Я тихонько засмеялась. Надо же, какой детальный сон. И стоит ли удивляться, что лицо моего спасителя было столь знакомо? Томас Смит мелькал на фотокарточках – строгий взгляд, плотно сжатые губы. По словам Оэна, Томас Смит любил Энн Галлахер. Бедняга. Тому, кто боготворит жену лучшего друга, и впрямь не до улыбок.
– Кто твоя бабушка, Оэн? – снова заговорила я, наслаждаясь своей догадкой.
– Бриджид Галлахер, – последовал ответ.
– Бриджид Галлахер!
Всё правильно. Бриджид Галлахер была бабушкой моего Оэна. Матерью Деклана Галлахера. Свекровью Энн Галлахер. Вот оно. Энн Галлахер. Ясно, почему Томас Смит назвал меня этим именем – Энн.
– Томас сказал, что ты – моя мама, – выдохнул Оэн. – Только он это не мне сказал, а бабушке. Я случайно слышал.
Моя рука, мгновение назад готовая коснуться Оэна, бессильно упала. Не дожидаясь с моей стороны подтверждений, Оэн спросил:
– А мой папа тоже вернется, да? Он вернется?

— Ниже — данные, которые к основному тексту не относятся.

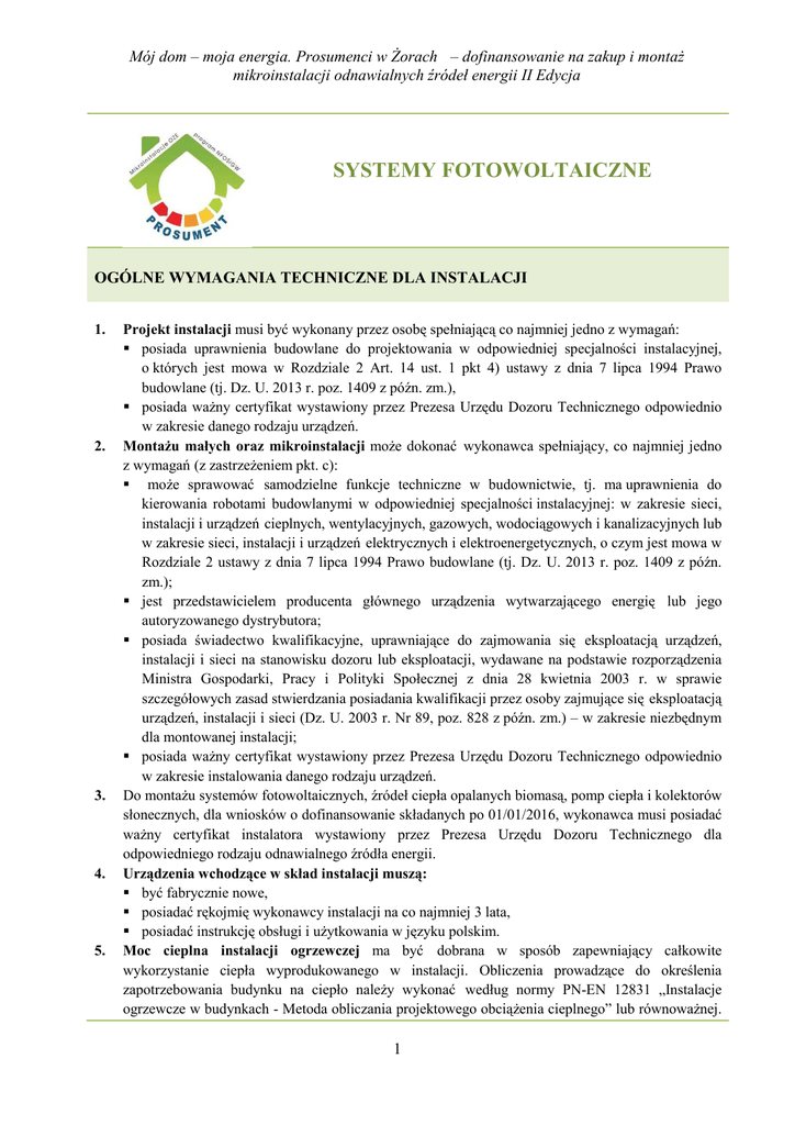 Mój dom – moja energia. Prosumenci w Żorach – dofinansowanie na zakup i montaż mikroinstalacji odnawialnych źródeł energii II Edycja SYSTEMY FOTOWOLTAICZNE OGÓLNE WYMAGANIA TECHNICZNE DLA INSTALACJI 1. 2. 3. 4. 5. Projekt instalacji musi być wykonany przez osobę spełniającą co najmniej jedno z wymagań: posiada uprawnienia budowlane do projektowania w odpowiedniej specjalności instalacyjnej, o których jest mowa w Rozdziale 2 Art. 14 ust. 1 pkt 4) ustawy z dnia 7 lipca 1994 Prawo budowlane (tj. Dz. U. 2013 r. poz. 1409 z późn. zm.), posiada ważny certyfikat wystawiony przez Prezesa Urzędu Dozoru Technicznego odpowiednio w zakresie danego rodzaju urządzeń. Montażu małych oraz mikroinstalacji może dokonać wykonawca spełniający, co najmniej jedno z wymagań (z zastrzeżeniem pkt. c): może sprawować samodzielne funkcje techniczne w budownictwie, tj. ma uprawnienia do kierowania robotami budowlanymi w odpowiedniej specjalności instalacyjnej: w zakresie sieci, instalacji i urządzeń cieplnych, wentylacyjnych, gazowych, wodociągowych i kanalizacyjnych lub w zakresie sieci, instalacji i urządzeń elektrycznych i elektroenergetycznych, o czym jest mowa w Rozdziale 2 ustawy z dnia 7 lipca 1994 Prawo budowlane (tj. Dz. U. 2013 r. poz. 1409 z późn. zm.); jest przedstawicielem producenta głównego urządzenia wytwarzającego energię lub jego autoryzowanego dystrybutora; posiada świadectwo kwalifikacyjne, uprawniające do zajmowania się eksploatacją urządzeń, instalacji i sieci na stanowisku dozoru lub eksploatacji, wydawane na podstawie rozporządzenia Ministra Gospodarki, Pracy i Polityki Społecznej z dnia 28 kwietnia 2003 r. w sprawie szczegółowych zasad stwierdzania posiadania kwalifikacji przez osoby zajmujące się eksploatacją urządzeń, instalacji i sieci (Dz. U. 2003 r. Nr 89, poz. 828 z późn. zm.) – w zakresie niezbędnym dla montowanej instalacji; posiada ważny certyfikat wystawiony przez Prezesa Urzędu Dozoru Technicznego odpowiednio w zakresie instalowania danego rodzaju urządzeń. Do montażu systemów fotowoltaicznych, źródeł ciepła opalanych biomasą, pomp ciepła i kolektorów słonecznych, dla wniosków o dofinansowanie składanych po 01/01/2016, wykonawca musi posiadać ważny certyfikat instalatora wystawiony przez Prezesa Urzędu Dozoru Technicznego dla odpowiedniego rodzaju odnawialnego źródła energii. Urządzenia wchodzące w skład instalacji muszą: być fabrycznie nowe, posiadać rękojmię wykonawcy instalacji na co najmniej 3 lata, posiadać instrukcję obsługi i użytkowania w języku polskim. Moc cieplna instalacji ogrzewczej ma być dobrana w sposób zapewniający całkowite wykorzystanie ciepła wyprodukowanego w instalacji. Obliczenia prowadzące do określenia zapotrzebowania budynku na ciepło należy wykonać według normy PN-EN 12831 „Instalacje ogrzewcze w budynkach - Metoda obliczania projektowego obciążenia cieplnego” lub równoważnej. 1 Mój dom – moja energia. Prosumenci w Żorach – dofinansowanie na zakup i montaż mikroinstalacji odnawialnych źródeł energii II Edycja 6. 7. 8. 9. 10. 11. Zapotrzebowanie na ciepło nie może przekroczyć: w przypadku budynków nowych – 50 W/m2, w przypadku budynków modernizowanych - 80 W/m2 powierzchni ogrzewanej. Instalacja ogrzewcza ma być zrównoważona hydraulicznie. W przypadku instalacji służących wyłącznie na potrzeby przygotowania wody użytkowej (c.w.u), z dofinansowania wyklucza się podłączonych odbiorców ciepła ze scentralizowanej sieci ciepłowniczej. W skład instalacji do produkcji energii elektrycznej, które nie będą podłączane do sieci elektroenergetycznej, muszą wchodzić urządzenia do magazynowania energii, dobrane odpowiednio do mocy instalacji. Inwertery (falowniki) stosowane w instalacjach muszą posiadać certyfikat zgodności z normą PN-EN 50438 „Wymagania dla instalacji mikrogeneracyjnych przeznaczonych do równoległego przyłączenia do publicznych sieci rozdzielczych niskiego napięcia” lub równoważną, wydany przez właściwą akredytowaną jednostkę certyfikującą oraz posiadać oznakowanie CE. Jeżeli projekt instalacji przewiduje montaż akumulatorów do magazynowania energii elektrycznej, to muszą one posiadać następujące cechy: pojemność akumulatorów dobrana adekwatnie do znamionowej mocy instalacji, lecz nie mniejsza niż: − 1 kWh dla mocy do 3 kW włącznie, − 2 kWh dla mocy od 3 do 6 kW włącznie, − 3 kWh dla mocy od 6 kW do 10 kW włącznie, − 4 kWh dla mocy powyżej 10 kW, możliwość łączenia baterii szeregowo i równolegle w moduły dające poziom 24V lub 48V, co najmniej 2500 pełnych cykli ładowania i rozładowania do 80% SOC, deklarowana przez producenta żywotność co najmniej 7 lat, klasa szczelności IP67, w przypadku instalacji akumulatorowych umiejscowionych na zewnątrz budynku, system zarządzania baterią posiadający co najmniej funkcje: monitoring napięcia 28 każdego ogniwa, balansowanie ogniw, zabezpieczenie przed wysokim prądem, napięciem i zwarciem, monitorowanie temperatury ogniw i układu zabezpieczającego, możliwość awaryjnego odłączenia baterii, liczenie State of Charge, interfejs: RS485 lub CAN lub Modbus, możliwość odczytu stanu naładowania baterii, napięć i statusu ładowania. Dla źródeł energii elektrycznej obowiązkowym elementem instalacji jest licznik (samodzielny lub wbudowany w inwerter) umożliwiający: gromadzenie i lokalną prezentację danych o ilości energii elektrycznej wytworzonej w instalacji oraz podłączenie modułu komunikacyjnego do przesyłania danych. 2 Mój dom – moja energia. Prosumenci w Żorach – dofinansowanie na zakup i montaż mikroinstalacji odnawialnych źródeł energii II Edycja SZCZEGÓŁOWE WYMAGANIA TECHNICZNE DLA INSTALACJI Znamionowa moc instalacji: do 40 kWp (pomiar w Standardowych Warunkach Pomiaru). Moduły fotowoltaiczne muszą posiadać jeden z certyfikatów zgodności z no

Папа? Боже Всемогущий, передо мной и впрямь Оэн – мой родной дед. Только сейчас он – маленький мальчик, сиротка. Я ему не мать; та, другая Энн Галлахер не вернется, равно как и Деклан Галлахер.
Я надавила пальцами на веки, скомандовала себе: просыпайся!
– Оэн! – послышалось за дверью.
Голос был тревожный, требовательный, недовольный. Оэна как ветром сдуло. Он исчез бесшумно, не топнул и не хлопнул, оставив меня одну уже в совершенно другом сне, где дедушки не являются к осиротевшим внучкам в обличье рыжеволосых улыбчивых мальчуганов; где только мрак – безопасный, ни к чему не обязывающий.
Снова я проснулась от прикосновения теплых рук. Одеяло было отброшено, мне меняли повязку.
– Скоро заживет, – услышала я. – Пуля краем прошла, всё могло быть гораздо хуже.
Опять этот человек со старых фотографий. Томас Смит. Принимает меня за другую женщину. Надо закрыть глаза. Это же просто. Закрою – он и исчезнет.
Не сработало. Уверенные пальцы Томаса Смита продолжали ощупывать мой продырявленный бок. От ужаса у меня дыхание сбилось.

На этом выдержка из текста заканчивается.